Try it
Copy down every line of the data that follows exactly. Omit the pictures.

Given material
┄┄┄┄┄┄┄┄┄┄┄┄┄┄┄┄┄┄┄┄
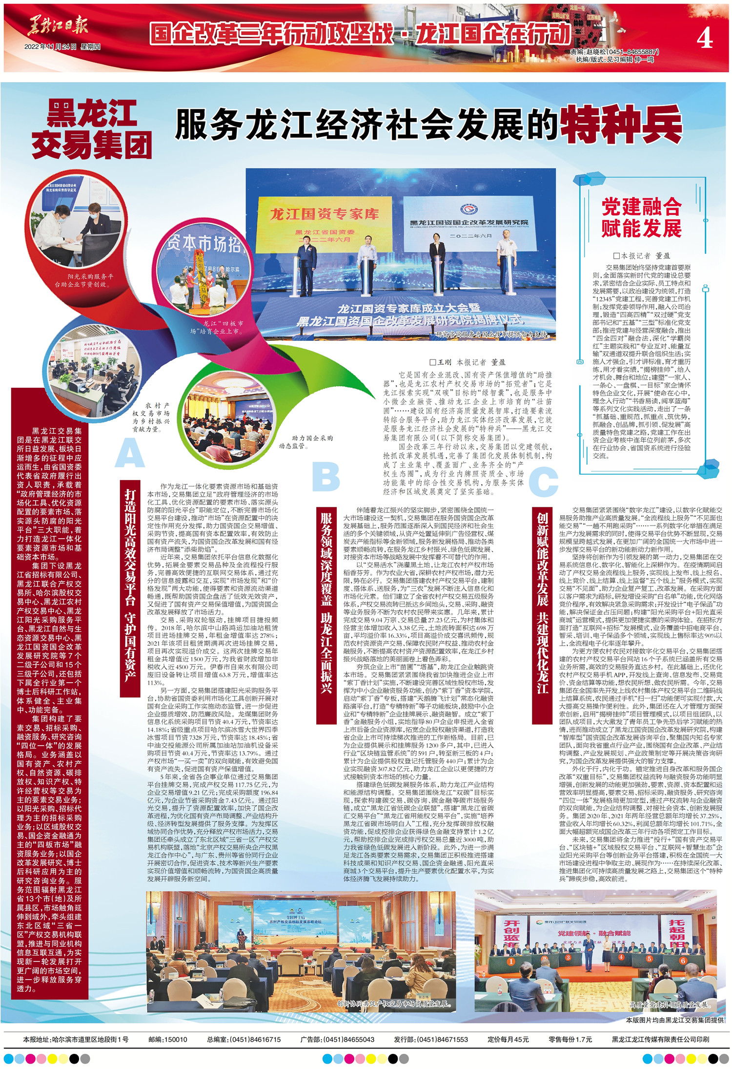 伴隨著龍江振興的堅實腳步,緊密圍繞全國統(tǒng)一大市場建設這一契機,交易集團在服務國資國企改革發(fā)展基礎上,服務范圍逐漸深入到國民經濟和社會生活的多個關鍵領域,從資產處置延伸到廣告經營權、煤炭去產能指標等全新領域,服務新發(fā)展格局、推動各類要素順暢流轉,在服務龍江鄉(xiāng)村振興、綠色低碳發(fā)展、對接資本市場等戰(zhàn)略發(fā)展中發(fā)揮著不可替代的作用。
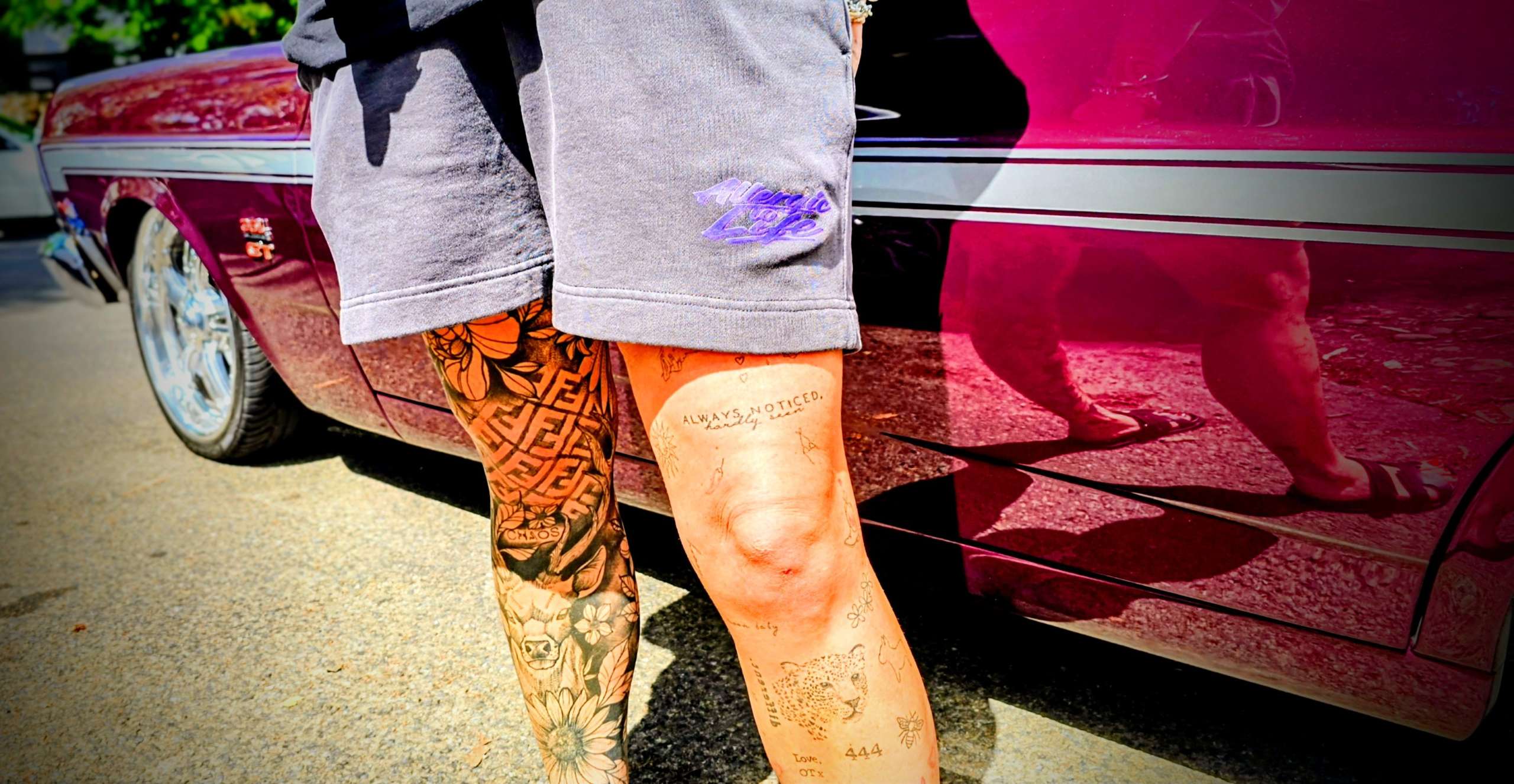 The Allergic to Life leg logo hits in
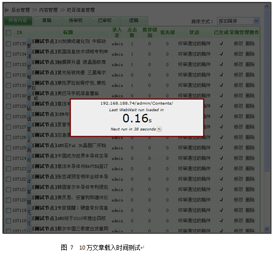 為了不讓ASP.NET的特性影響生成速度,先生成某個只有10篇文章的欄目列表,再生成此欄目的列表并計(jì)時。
┄┄┄┄┄┄┄┄┄┄┄┄┄┄┄┄┄┄┄┄
Task response
 伴隨著龍江振興的堅實腳步,緊密圍繞全國統(tǒng)一大市場建設這一契機,交易集團在服務國資國企改革發(fā)展基礎上,服務范圍逐漸深入到國民經濟和社會生活的多個關鍵領域,從資產處置延伸到廣告經營權、煤炭去產能指標等全新領域,服務新發(fā)展格局、推動各類要素順暢流轉,在服務龍江鄉(xiāng)村振興、綠色低碳發(fā)展、對接資本市場等戰(zhàn)略發(fā)展中發(fā)揮著不可替代的作用。
 The Allergic to Life leg logo hits in
 為了不讓ASP.NET的特性影響生成速度,先生成某個只有10篇文章的欄目列表,再生成此欄目的列表并計(jì)時。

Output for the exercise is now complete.